In its drive to accelerate supercomputing and AI development via GPUs, Nvidia said this week it is expanding the number of application containers available on its GPU cloud.
The expansion seeks to combine cloud-based GPU processing with agile deployment of distributed applications on shared systems, the company noted in a blog post announcing nine new HPC containers. The GPU specialist said it now offers 35 containers for deep leaning, HPC and visualization applications.
Containers “have become a crucial tool in deploying applications on a shared cluster and speeding the work, especially for researchers and data scientists running AI workloads,” noted Chintan Patel, an Nvidia marketing manager. The company claims more than 27,000 users of its container registry.
Nvidia said it has added nine new HPC and visualization containers to its GPU cloud since last November’s Supercomputing Conference. One of them, PGI Compiler, is intended to help developers build HPC applications using multicore CPUs and Nvidia’s Tesla GPUs.
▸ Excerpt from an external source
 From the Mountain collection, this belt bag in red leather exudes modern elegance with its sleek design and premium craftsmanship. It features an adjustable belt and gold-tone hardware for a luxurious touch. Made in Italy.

Compilers and other tools in the HPC container can be used to develop what Patel called “performance-portable” HPC applications based on its CUDA Fortran parallel programming and other languages.
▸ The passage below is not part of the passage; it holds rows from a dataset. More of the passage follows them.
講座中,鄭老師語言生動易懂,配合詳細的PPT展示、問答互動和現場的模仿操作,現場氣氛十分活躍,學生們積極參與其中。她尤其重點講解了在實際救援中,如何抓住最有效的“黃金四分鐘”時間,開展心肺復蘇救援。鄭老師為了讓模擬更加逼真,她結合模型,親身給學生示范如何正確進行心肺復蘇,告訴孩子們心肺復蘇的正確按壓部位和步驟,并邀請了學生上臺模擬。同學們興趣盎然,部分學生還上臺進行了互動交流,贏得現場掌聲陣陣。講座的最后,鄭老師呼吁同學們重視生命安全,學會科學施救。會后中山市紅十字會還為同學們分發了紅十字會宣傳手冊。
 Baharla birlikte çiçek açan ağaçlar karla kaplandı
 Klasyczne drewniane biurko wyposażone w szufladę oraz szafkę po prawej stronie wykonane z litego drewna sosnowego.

“Supercomputing has a dire need [for simplifying] the deployment of applications across all the segments,” Patel noted. “That’s because almost all supercomputing centers use environment modules to build, deploy, and launch applications.”
The GPU specialist is betting containers can help break the installation logjam. The elimination of installations means “users can pull the containers themselves and deploy an application in minutes compared to waiting for days for the advisory council to agree on an install and go through the actual process,” Patel added.
Nvidia said it tested it GPU cloud containers on its DGX servers along with Nvidia graphics processors offered by cloud providers, including Amazon Web Services and the Google and Oracle clouds.
Nvidia is among a growing list of vendors focused on harnessing maturing application containers for AI and HPC workloads. Among them is startup Sylabs Inc., which is seeking to bring the open-source HPC container technology Singularity to mainstream enterprises. The startup that emerged from stealth mode earlier this year cites the rapid adoption of Singularity by scientific users and the transition to AI and other data-driven workloads.